Comment by helltone

Comment by helltone 3 days ago

3 replies

I have a background in program analysis, but I'm less familiar with the kind of kernels you are optimising.

- Can you give some more insight on why 12 ops suffice for representing your input program?

- With such a small number of ops, isn't your search space full of repeat patterns? I understand the will to have no predefined heuristics, but it seems that learning some heuristics/patterns would massively help reduce the space.

jafioti 3 days ago

we're just optimizing linear algebra, which is mostly made up of patterns of simple ops. for instance, matmul is just broadcasted multiply -> sum reduce.

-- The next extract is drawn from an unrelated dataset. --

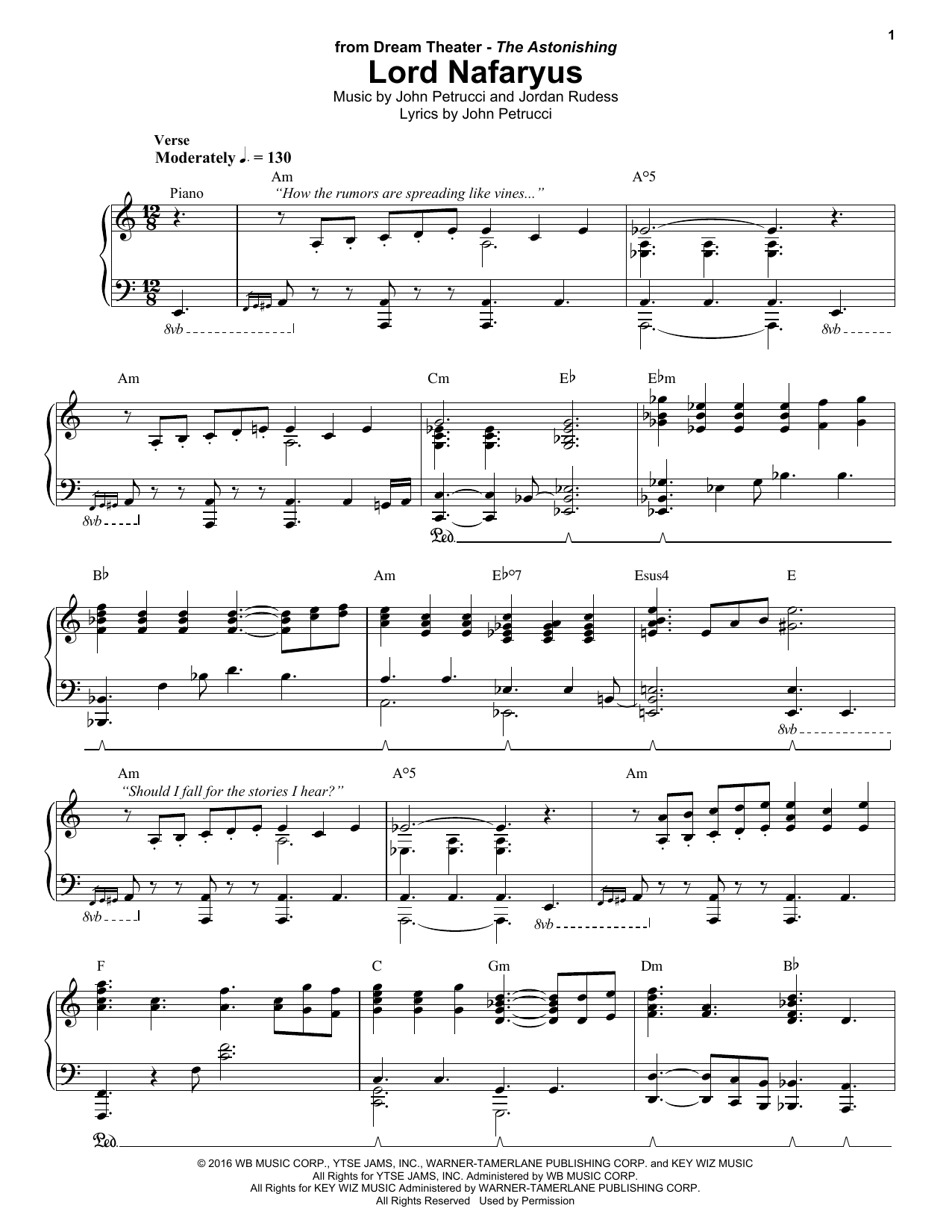 Download or print Dream Theater Lord Nafaryus sheet music, chords and digital score arranged for Keyboard Transcription. This Rock score includes 6 page(s).

the search does common subexpression elimination by default. if two patterns are unioned in the search space, it applies that union to every occurrence of that pattern at the same time, so using e-graphs it helps keep the search space smaller.

  • helltone 3 days ago

    Right I think I see it.

    This is insanely cool.

    But then there are performance tradeoffs in reusing intermediates vs recomputing that I think you can't represent.

    Some of these may affect numerical stability btw. See eg https://herbie.uwplse.org/

    There is so much potential in this project.

    • jafioti 3 days ago

      ah i see the confusion. we do common subexpression elimination of the terms in the search space (which allows single application of rewrites to apply to many repeat patterns) but the search can choose to re-use patterns of terms when we extract dags after the search space is built. so various levels of recomputation are searched.

      right now since we're profiling kernels, and we have a reference output of the unoptimised version, we can directly measure deviation of profiled outputs "for free" since we're already computing them for runtime. tbh this isn't what i want long term, i want to bake numerical stability natively into the search space to only extract dags that would produce stable outputs. hopefully that'll be solved soon.